Годфри, как только решил усыновить ребенка, указал на Эппи, которой было тогда двенадцать лет. Ему и в голову не приходило, что Сайлес скорее согласится расстаться с жизнью, чем с Эппи. Он был уверен, что ткач, желая только добра девочке, которой он посвятил столько хлопот, будет рад, если на ее долю выпадет такое счастье. Она всегда будет от души благодарна Сайлесу, а он будет обеспечен до конца своих дней и щедро вознагражден за все то хорошее, что он сделал для ребенка. Разве не обязаны люди, занимающие более высокое положение, снимать заботу с людей, несравненно более бедных? Годфри Кессу, по причинам, известным ему одному, это казалось совершенно естественным, и, впадая в обычную ошибку, он вообразил, что осуществить его желание будет легко, раз у него есть на это свои личные мотивы. Конечно, он просто не понимал истинного отношения Сайлеса к Эппи, но следует помнить, что те впечатления, которые Годфри мог вынести, сталкиваясь с трудовым людом в тех краях, наводили его на мысль, что тонкость чувств редко уживается с мозолистыми ладонями и скудными средствами, а проникнуть в те исключительные события, которые произошли в жизни ткача, он не имел случая, да и не пытался. Только по незнанию и непониманию истинного положения вещей мог Годфри сознательно лелеять такой бессердечный замысел. Вообще же его природная доброта давно взяла верх над разнузданными желаниями, и похвала Нэнси была основана не только на ослеплении любящей жены.
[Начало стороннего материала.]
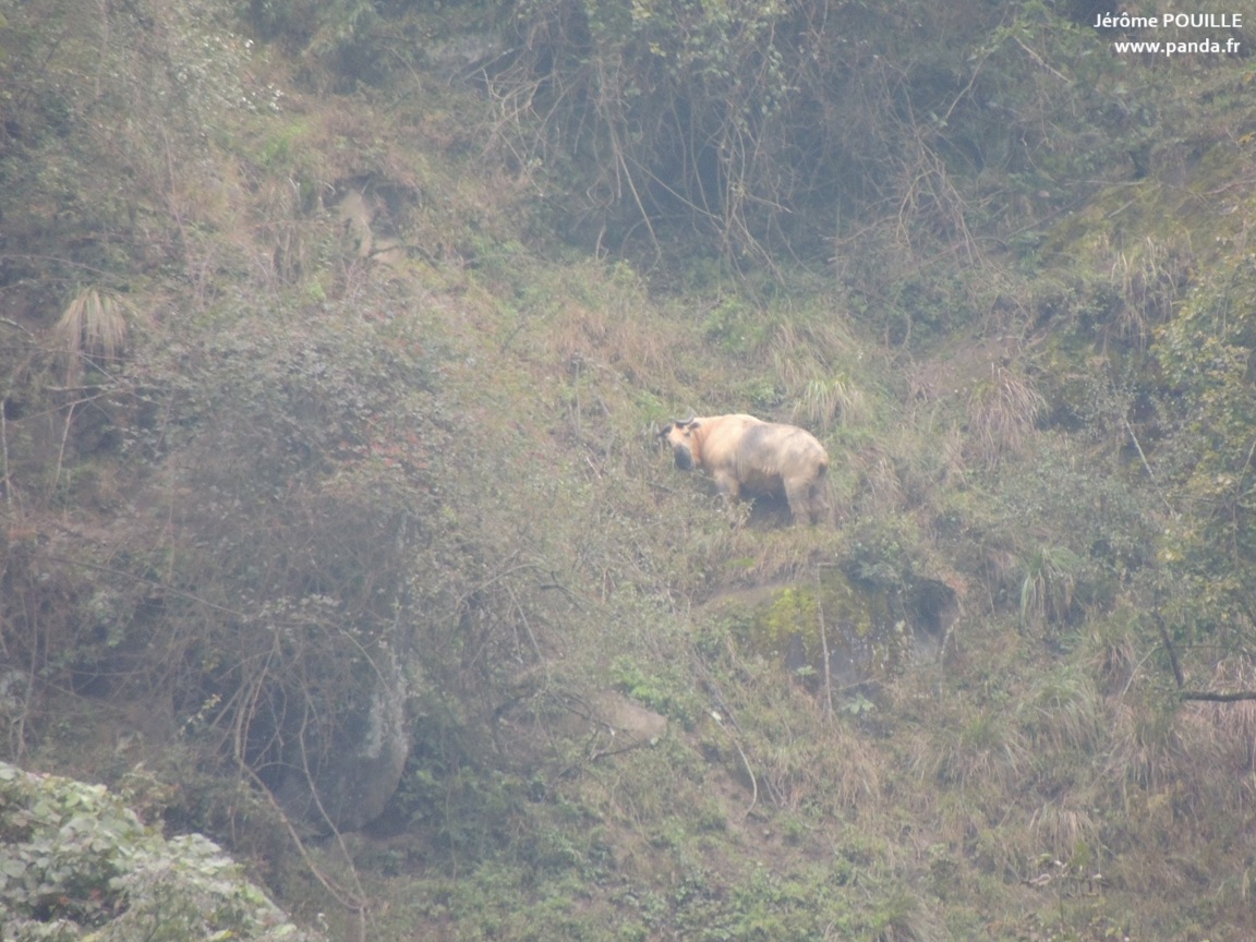 Le matin nous avons pu parcourir la totalité de la route depuis l'entrée, une partie avec le véhicule électrique et une partie à pied. Cette route serpente le long de la principale rivière du site, qui porte le même nom que la réserve. Nous avons pu observer plusieurs animaux qui peuplent la réserve, notamment plusieurs takins du Sichuan (Budorcas taxicolor tibetana), un élaphode (un cervidé) (Elaphodus cephalophus), deux sangliers (Sus scrofa ssp.), deux muntjacs de Reeve (Muntiacus reevesi), une femelle faisan doré (Chrysolophus pictus), plusieurs jeunes tragopans de Temminck (Tragopan temminckii).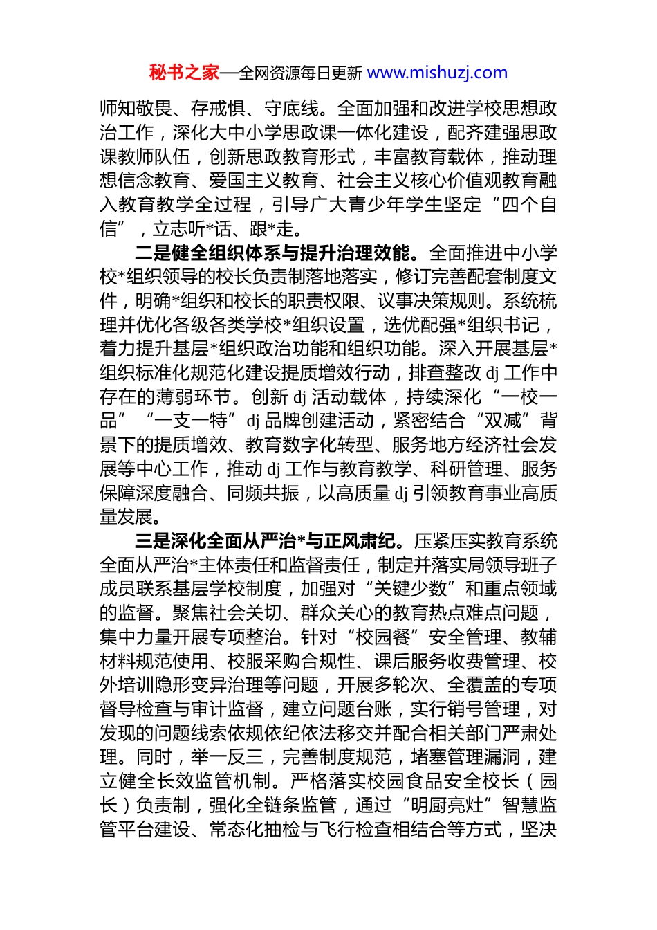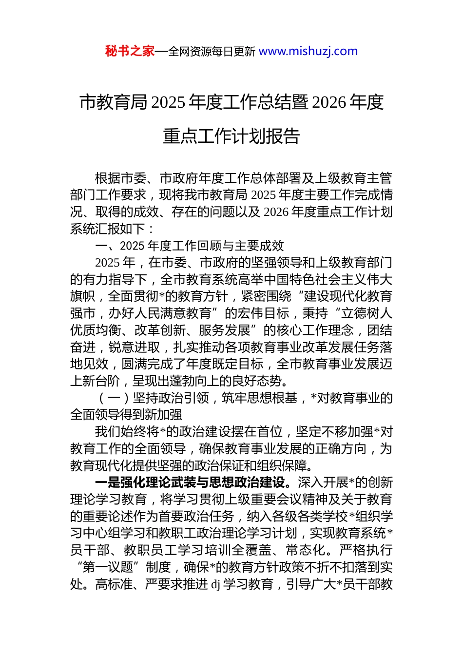 秘书之家—全网资源每日更新 www.mishuzj.com市教育局 2025 年度工作总结暨 2026 年度重点工作计划报告根据市委、市政府年度工作总体部署及上级教育主管部门工作要求,现将我市教育局 2025 年度主要工作完成情况、取得的成效、存在的问题以及 2026 年度重点工作计划系统汇报如下:一、2025 年度工作回顾与主要成效2025 年,在市委、市政府的坚强领导和上级教育部门的有力指导下,全市教育系统高举中国特色社会主义伟大旗帜,全面贯彻*的教育方针,紧密围绕“建设现代化教育强市,办好人民满意教育”的宏伟目标,秉持“立德树人优质均衡、改革创新、服务发展”的核心工作理念,团结奋进,锐意进取,扎实推动各项教育事业改革发展任务落地见效,圆满完成了年度既定目标,全市教育事业发展迈上新台阶,呈现出蓬勃向上的良好态势。(一)坚持政治引领,筑牢思想根基,*对教育事业的全面领导得到新加强我们始终将*的政治建设摆在首位,坚定不移加强*对教育工作的全面领导,确保教育事业发展的正确方向,为教育现代化提供坚强的政治保证和组织保障。一是强化理论武装与思想政治建设。深入开展*的创新理论学习教育,将学习贯彻上级重要会议精神及关于教育的重要论述作为首要政治任务,纳入各级各类学校*组织学习中心组学习和教职工政治理论学习计划,实现教育系统*员干部、教职员工学习培训全覆盖、常态化。严格执行“第一议题”制度,确保*的教育方针政策不折不扣落到实处。高标准、严要求推进 dj 学习教育,引导广大*员干部教秘书之家—全网资源每日更新 www.mishuzj.com师知敬畏、存戒惧、守底线。全面加强和改进学校思想政治工作,深化大中小学思政课一体化建设,配齐建强思政课教师队伍,创新思政教育形式,丰富教育载体,推动理想信念教育、爱国主义教育、社会主义核心价值观教育融入教育教学全过程,引导广大青少年学生坚定“四个自信”,立志听*话、跟*走。二是健全组织体系与提升治理效能。全面推进中小学校*组织领导的校长负责制落地落实,修订完善配套制度文件,明确*组织和校长的职责权限、议事决策规则。系统梳理并优化各级各类学校*组织设置,选优配强*组织书记,着力提升基层*组织政治功能和组织功能。深入开展基层*组织标准化规范化建设提质增效行动,排查整改 dj 工作中存在的薄弱环节。创新 dj 活动载体,持续深化“一校一品”“一支一特”dj 品牌创建活动,紧密结合“双减”背景下的提质增效、教育数字化转型、服务地方经济社会发展等中心工作,推动 dj 工作与教育教学、科研管理、服务保障深度融合、同频共振,以高质量 dj 引领教育事业高质量发展。三是深化全面从严治*与正风肃纪。压紧压实教育系统全面从严治*主体责任和监督责任,制定并落实局领导班子成员联系基层学校制度,加强对“关键少数”和重点领域的监督。聚焦社会关切、群众关心的教育热点难点问题,集中力量开展专项整治。针对“校园餐”安全管理、教辅材料规范使用、校服采购合规性、课后服务收费管理、校外培训隐形变异治理等问题,开展多轮次、全覆盖的专项督导检查与审计监督,建立问题台账,实行销号管理,对发现的问题线索依规依纪依法移交并配合相关部门严肃处理。同时,举一反三,完善制度规范,堵塞管理漏洞,建立健全长效监管机制。严格落实校园食品安全校长(园长)负责制,强化全链条监管,通过“明厨亮灶”智慧监管平台建设、常态化抽检与飞行检查相结合等方式,坚决秘书之家—全网资源每日更新 www.mishuzj.com守住师生“舌尖上的安全”。加强师德师风建设长效机制开展师德专题教育和警示教育,严肃查处师德失范行为,营造风清气正的育人环境。(二)优化资源配置,促进公平均衡,教育公共服务水平实现新提升我们始终坚持以人民为中心的发展思想,着力破解教育发展不平衡不充分问题,努力扩大优质教育资源覆盖面不断满足人民群众从“有学上”到“上好学”的美好期盼。一是持续加大教育资源供给力度。积极争取并优化财政教育投入结构,确保“两个只增不减”落实到位。全力推进学前教育普及普惠安全优质发展,新建、改扩建一批公办幼儿园,扶持认定一批普惠性民办幼...

«Я была права, — говорила она себе, припоминая их споры. — Я чувствую, что была права, ответив ему отказом, хотя один бог знает, как это было мне больно и тяжело. А как великодушно отнесся к моему отказу Годфри! Другой на его месте очень рассердился бы за такое сопротивление его желаниям и мог бы даже воскликнуть, что ему не повезло с женитьбой. Но Годфри ни разу не проронил жестокого слова. Он только не умеет скрывать свои чувства; я знаю, все кажется ему таким бесцельным, даже имение. А насколько по-другому все было бы для него, если бы он, проводя время на своих полях, знал, что у него подрастают дети, ради которых он хлопочет. Но я не должна роптать: кто знает, быть может, если бы он женился на другой и у нее родились дети, она причинила бы ему другие огорчения?»
Ознакомительная версия.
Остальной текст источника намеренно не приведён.